Now what I need and want is a mini portable. MacBook Pro will still be my home main machine with appropriate storage networks and servers and so on. So while at home, using the MacBook Pro. But there are situations where I don't even want to think about bringing it with - holidays where backpacking, or in less safe areas, or when only knowing I will need the computer for light use like browsing, emailing, skype, IM, remote access to work and some basic office tools (Open Office). Occasional use will of course include charging phones or iPods or accessing cameras to upload or edit the photos, but those will all work with Linux as well. Or on other occasions, when on call on weekends for work duty, it would be good to have a small portable for instant access to network when I'll need to do some work when not at home or at desk. Small, light, and cheap. Durable, beautiful, decent keyboard, readable screen etc etc. Where is the Mac equivalent? I would say MacBook Air would fit this category - except for price. When going thru South America or Asia with $ 2k laptop in my bag, I would not feel comfortable. So, unless I wait for months or years to see if there ever will be an Apple branded equivalent, I want - and need - something for this purpose. And I'm not going to sign in for any Windows or PC board to ask for advice - there have to be some Mac users out there who have used some, and know what they like and what they don't like.

* Os flexible, but far prefer Linux to Windows. I prefer tar and not rpm, so Ubuntu is among the favorites

* Application needs: browsing, email, IM (pidgin will do), skype, some photo editing and browsing, RDP and VNC (I can consider VDI 3 with offline desktop feature set up for this, or VMware ACE packaged Player and run that even from a memory stick, or even try if IE 6 and Outlook will run with Crossover for Linux to do 80 % of work related tasks I'd want to be prepared for), and will find some format to keep addressbook sync'ed with Mac OS X and this device. In some form I'll need to be able to VPN, but that should work as long as I can get some program run Windows apps in it, or use sslvpn.

* Need wireless _and_ ethernet. 

* Size (small but need at least that 1024x600), light, not ugly or too cheap looking, usable keyboard, and price matters (US, Can$ or Euro for now). Serviceability (diy) and possibility to change RAM or the HD myself matters too. Needs to be reliable so no shady Asiaclones.

So far I've looked at these - now dear Mac users help me decide what *PC* to buy  

* Dell Inspiron mini 9 
* HP 1000
* MSI Wind (labeled with other brands too)
* Asus EEE series 

I have tried to look and try these in location, as one of the things where there are a lot of differences for usability is the keyboard. But I find that Dell version nowhere to be tried in store or with any friends. 

What would you choose, and why? 
There must be some Mac users out there who admit they have a mini portable ...


----------



## nixgeek (Nov 2, 2008)

I'm considering the Acer Aspire One (aka "AA1) and the Dell Inspiron Mini 9.  Both of these seem to offer the best bang for the buck, especially if you want GNU/Linux on it.

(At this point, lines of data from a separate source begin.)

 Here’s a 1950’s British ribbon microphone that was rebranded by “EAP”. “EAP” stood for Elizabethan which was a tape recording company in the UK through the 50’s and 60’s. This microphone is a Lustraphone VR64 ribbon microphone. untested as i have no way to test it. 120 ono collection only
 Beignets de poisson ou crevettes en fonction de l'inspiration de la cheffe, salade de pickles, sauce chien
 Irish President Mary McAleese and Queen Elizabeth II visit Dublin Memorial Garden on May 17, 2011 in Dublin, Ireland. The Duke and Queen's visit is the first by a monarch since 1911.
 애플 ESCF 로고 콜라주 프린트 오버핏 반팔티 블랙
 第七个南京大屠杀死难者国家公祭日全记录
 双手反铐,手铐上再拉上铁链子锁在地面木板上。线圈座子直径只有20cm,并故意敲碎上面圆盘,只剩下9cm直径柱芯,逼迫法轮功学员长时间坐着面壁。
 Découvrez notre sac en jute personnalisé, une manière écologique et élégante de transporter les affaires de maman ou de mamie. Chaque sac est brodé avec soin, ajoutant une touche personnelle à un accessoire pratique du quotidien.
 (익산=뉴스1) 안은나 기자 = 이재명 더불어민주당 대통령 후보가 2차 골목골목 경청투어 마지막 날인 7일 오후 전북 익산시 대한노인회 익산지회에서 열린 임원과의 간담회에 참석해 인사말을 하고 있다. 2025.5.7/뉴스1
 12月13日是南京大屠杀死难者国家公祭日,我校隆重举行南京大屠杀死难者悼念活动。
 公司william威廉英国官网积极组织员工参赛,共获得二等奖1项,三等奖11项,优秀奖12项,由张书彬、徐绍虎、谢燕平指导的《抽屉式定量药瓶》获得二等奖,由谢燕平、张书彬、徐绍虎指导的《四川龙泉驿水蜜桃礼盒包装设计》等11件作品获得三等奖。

I was able to play around with the AA1 that my wife's cousin bought and I've realized that the 8.9" models are for me.  Perfect size and weight (about that of a paperback book), although the keys are a bit small (I have a Duo 230, so it's not as if I can't get used to a small keyboard).  The screen size isn't too bad....the text is actually very legible.  The only weird thing for me was the buttons being on either side of the trackpad, but again with time that's something that one would get used to.  The model he had was running Windows XP, and even with that plus all of the crapware that came installed, it felt quite snappy.  I would imagine that the GNU/Linux models would probably feel even snappier, but I am a bit biased if you didn't know that already. 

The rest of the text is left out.